Oil prices have dropped by around 75 percent since mid-2014, leading the International Energy Agency (IEA) to predict a second successive year of falling hydrocarbon investment, marking the most sustained decline since the 1980s.
In the last boom-bust cycle of 2008-2009, a crash squeezed all energy capital expenditure as power generators turned to cheap fossil fuel, which rebounded swiftly.
The differences this time include the depth of uncertainty over any oil price recovery following the U.S. shale revolution and a rift in the OPEC oil producers' club that makes agreement on output cuts to remove oversupply tougher than usual.

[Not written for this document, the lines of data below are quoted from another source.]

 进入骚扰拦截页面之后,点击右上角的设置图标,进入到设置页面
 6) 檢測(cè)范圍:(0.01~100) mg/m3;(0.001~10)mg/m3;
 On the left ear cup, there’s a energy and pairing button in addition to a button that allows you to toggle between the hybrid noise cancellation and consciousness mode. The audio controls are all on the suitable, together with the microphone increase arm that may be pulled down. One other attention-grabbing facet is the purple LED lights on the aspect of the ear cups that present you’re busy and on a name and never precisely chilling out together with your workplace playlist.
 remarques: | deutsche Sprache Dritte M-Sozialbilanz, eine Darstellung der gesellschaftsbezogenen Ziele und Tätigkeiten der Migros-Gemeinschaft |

Last December's Paris Agreement on climate change, meanwhile, is the first truly global deal, bringing in China and the United States. The accord is vague and has yet to be ratified but its very existence emboldens investors to move away from hydrocarbon fuel.

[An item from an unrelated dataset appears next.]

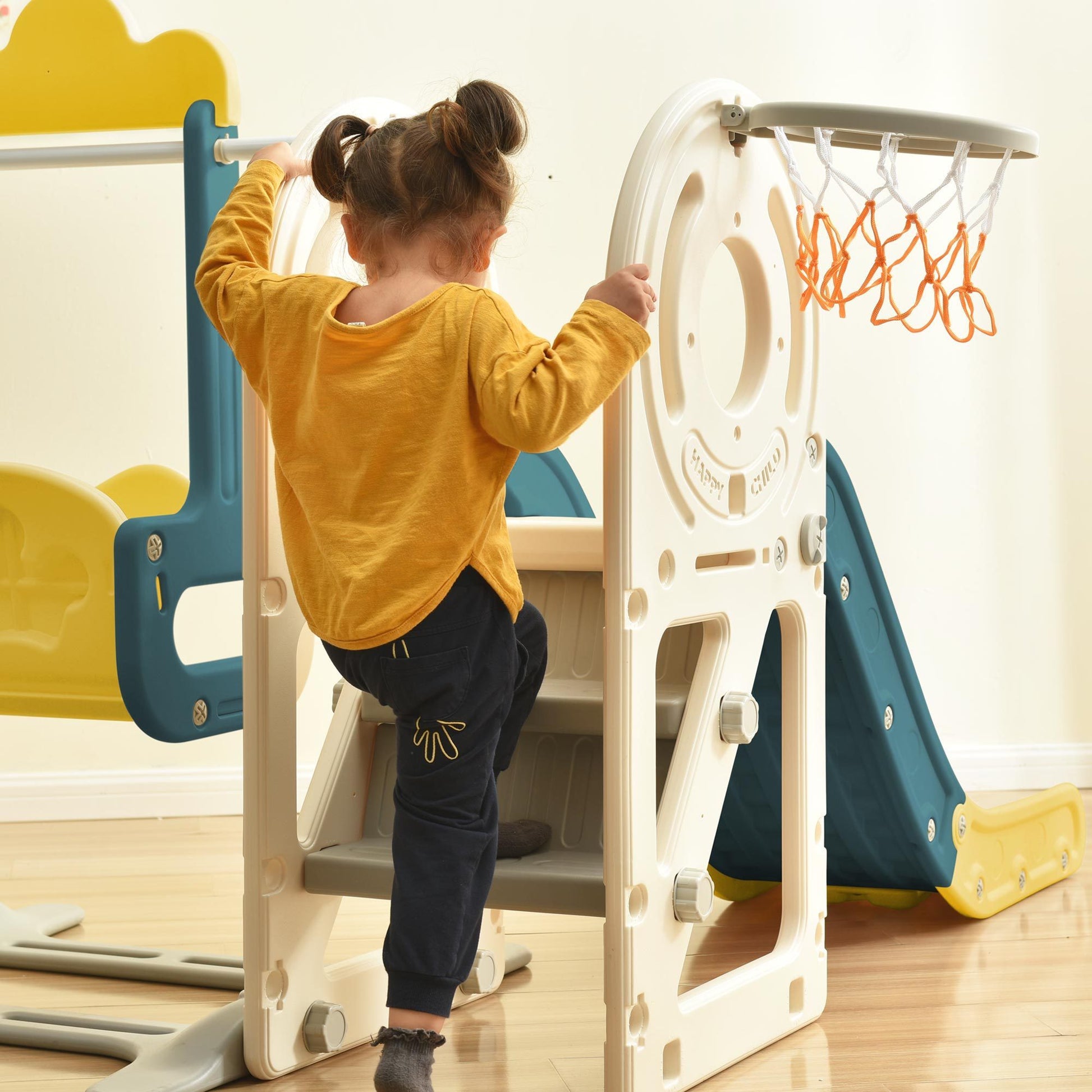 - 5 IN 1 Slide Set - This freestanding slide integrates 5 exciting play sections for kids. The two parts of the slide group have wide step pedals and smooth slides for children to slide down freely. The other part consists of a realistic bus model and a fun basketball hoop. A very cute little swing is fixed between the bus and the slide This surprising combination can bring endless play fun to children.
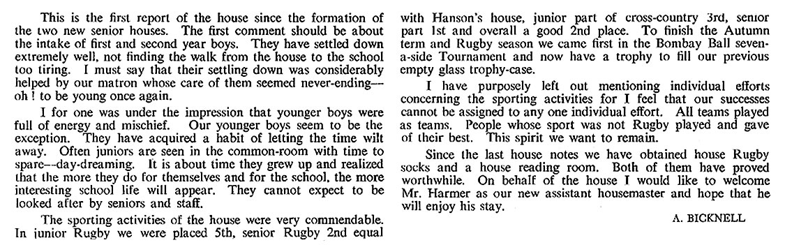 In the school games, the house has again won the rugger and sailing cups. The teams deserve our heartiest congratulations. I dare not mention how the cricket cup slipped from our grasp in the last match of the season. We congratulate Mr. Hanson's boys on winning it from us.

"Fossil fuel technologies no matter how efficient will face greater and significant challenges," Hendrik Bourgeois, vice president European affairs at General Electric, said in Brussels on Monday.
David King, Britain's special representative for climate change, said the flurry of renewable deals on the sidelines of the Paris conference, could have created "a self-accelerating process".

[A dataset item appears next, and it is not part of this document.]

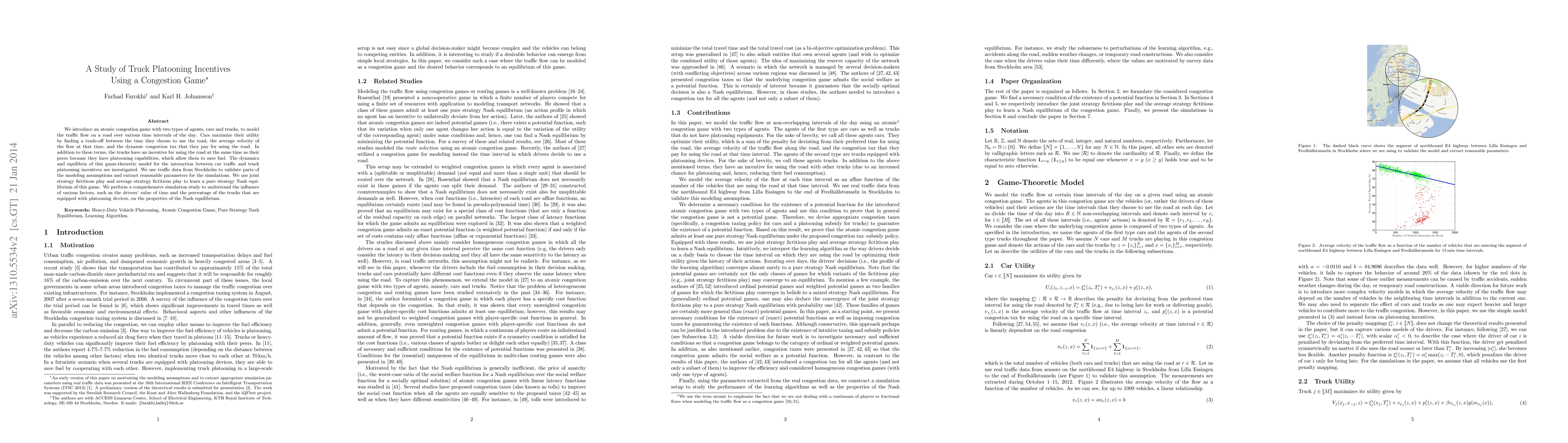This study investigates truck platooning incentives using a congestion game, exploring how drivers' values of time and platooning device usage affect traffic flow. It uses real-world data from Stockholm to validate assumptions and finds the optimal Nash equilibrium for car-truck interactions.
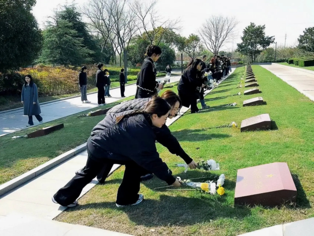 为缅怀革命先烈,传承红色基因,弘扬爱国主义精神,加强党员党性教育,护理与健康学院直属党支部党员师生及入党积极分子于202542900在金山区烈士陵园开展“青冢祭清明,传承家国情”清明祭扫党日活动。

"We are talking about the world's biggest (new) market, it puts laptops into the shade. This (renewable energy) market is going to be by 2020 between $2ans $3 trillion a year," he said.
Pension funds, looking to the very long term, say the smart money is shifting from oil and gas.
Representing the public sector, the largest multilateral lender the European Investment Bank, whose loans seek to underpin European Union policy, in January announced it lent record amounts for climate-related projects in 2015 and predicted the trend would continue.
Competition with Gas
The gas lobby is pushing for natural gas, which is half as polluting as coal, to have a central role in a transition to the low-carbon economy the Paris Agreement promotes, but analysts say renewables can compete.
Improved technology means onshore wind is often the cheapest energy, with costs as low as 4 U.S. cents per kilowatt hour (kWh), although offshore is still expensive at 10-22 cents kWh, the International Renewable Energy Agency (IRENA) said.
Natural gas generation can be below 4 cents in nations such as Russia, where gas is very cheap. Elsewhere, it costs up to 8 cents to generate power from pipeline gas and up to 14 cents from liquefied natural gas (LNGLF).
While oil and gas expenditure fell 20 percent last year, renewable investment rose, even as upfront capital costs - the only significant expenditure given wind and solar is free - keep falling.
New renewable energy investment in 2015 rose to $280 billion, up from $270 billion in 2014, IRENA said, adding the growth would continue.
Some energy majors, groaning under increased exploration costs for ageing fields as well as crashing oil prices, also grasp the logic of diversifying.
Total has pledged to invest $500 million per year in new forms of energy and has set up a $150 million venture fund to invest in renewable start-ups.
Renewables make up only 3 percent of Total's portfolio - a share expected to reach 10 percent by 2030.